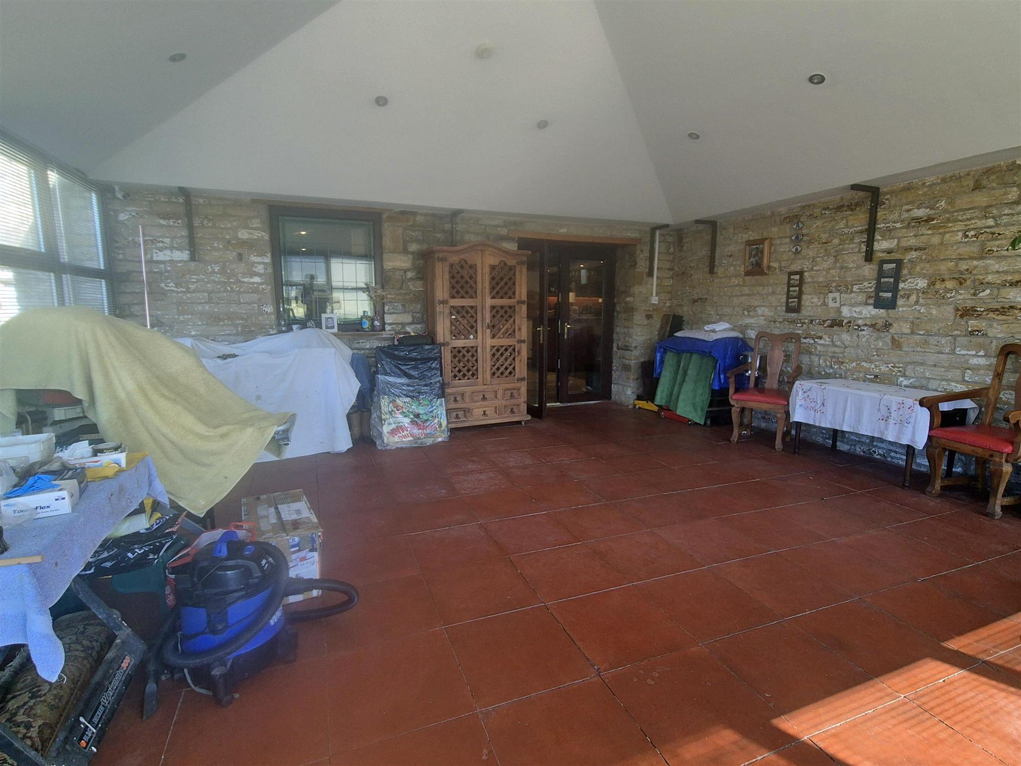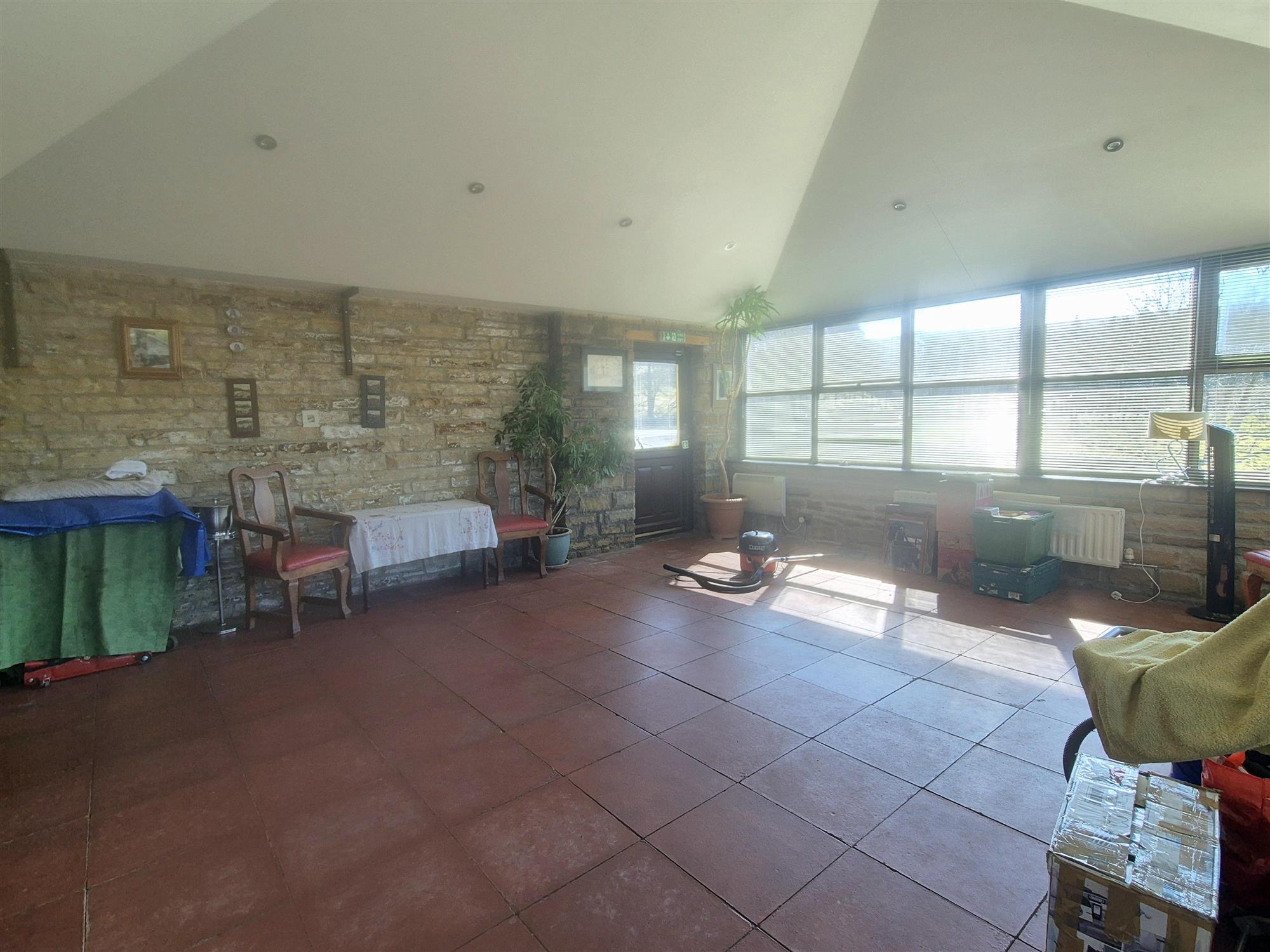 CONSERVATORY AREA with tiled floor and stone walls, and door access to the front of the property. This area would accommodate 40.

# # #

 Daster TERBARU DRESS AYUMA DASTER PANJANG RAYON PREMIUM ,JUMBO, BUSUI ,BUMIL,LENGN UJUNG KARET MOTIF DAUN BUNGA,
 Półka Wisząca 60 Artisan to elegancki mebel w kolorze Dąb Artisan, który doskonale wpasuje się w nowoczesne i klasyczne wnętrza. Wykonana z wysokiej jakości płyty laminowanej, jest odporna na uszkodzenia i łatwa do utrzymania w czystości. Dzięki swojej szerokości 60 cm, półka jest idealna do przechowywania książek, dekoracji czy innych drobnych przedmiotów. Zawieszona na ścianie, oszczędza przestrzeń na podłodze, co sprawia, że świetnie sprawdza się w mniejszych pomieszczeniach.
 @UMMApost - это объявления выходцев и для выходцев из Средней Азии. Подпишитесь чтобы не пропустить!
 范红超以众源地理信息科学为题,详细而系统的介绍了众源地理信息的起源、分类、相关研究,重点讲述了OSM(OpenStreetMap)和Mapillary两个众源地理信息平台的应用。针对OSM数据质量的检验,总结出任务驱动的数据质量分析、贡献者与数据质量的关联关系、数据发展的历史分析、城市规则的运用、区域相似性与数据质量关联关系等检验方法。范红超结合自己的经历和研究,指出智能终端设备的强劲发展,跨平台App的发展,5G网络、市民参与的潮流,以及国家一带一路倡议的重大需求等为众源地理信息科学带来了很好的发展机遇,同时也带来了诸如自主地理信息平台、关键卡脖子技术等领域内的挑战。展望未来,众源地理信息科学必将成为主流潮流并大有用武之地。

# # #

The lines above from the one with "Półka Wisząca 60" through the one with "范红超以众源地理信息科学为题" are to be duplicated exactly, ends included, with nothing added.

 Półka Wisząca 60 Artisan to elegancki mebel w kolorze Dąb Artisan, który doskonale wpasuje się w nowoczesne i klasyczne wnętrza. Wykonana z wysokiej jakości płyty laminowanej, jest odporna na uszkodzenia i łatwa do utrzymania w czystości. Dzięki swojej szerokości 60 cm, półka jest idealna do przechowywania książek, dekoracji czy innych drobnych przedmiotów. Zawieszona na ścianie, oszczędza przestrzeń na podłodze, co sprawia, że świetnie sprawdza się w mniejszych pomieszczeniach.
 @UMMApost - это объявления выходцев и для выходцев из Средней Азии. Подпишитесь чтобы не пропустить!
 范红超以众源地理信息科学为题,详细而系统的介绍了众源地理信息的起源、分类、相关研究,重点讲述了OSM(OpenStreetMap)和Mapillary两个众源地理信息平台的应用。针对OSM数据质量的检验,总结出任务驱动的数据质量分析、贡献者与数据质量的关联关系、数据发展的历史分析、城市规则的运用、区域相似性与数据质量关联关系等检验方法。范红超结合自己的经历和研究,指出智能终端设备的强劲发展,跨平台App的发展,5G网络、市民参与的潮流,以及国家一带一路倡议的重大需求等为众源地理信息科学带来了很好的发展机遇,同时也带来了诸如自主地理信息平台、关键卡脖子技术等领域内的挑战。展望未来,众源地理信息科学必将成为主流潮流并大有用武之地。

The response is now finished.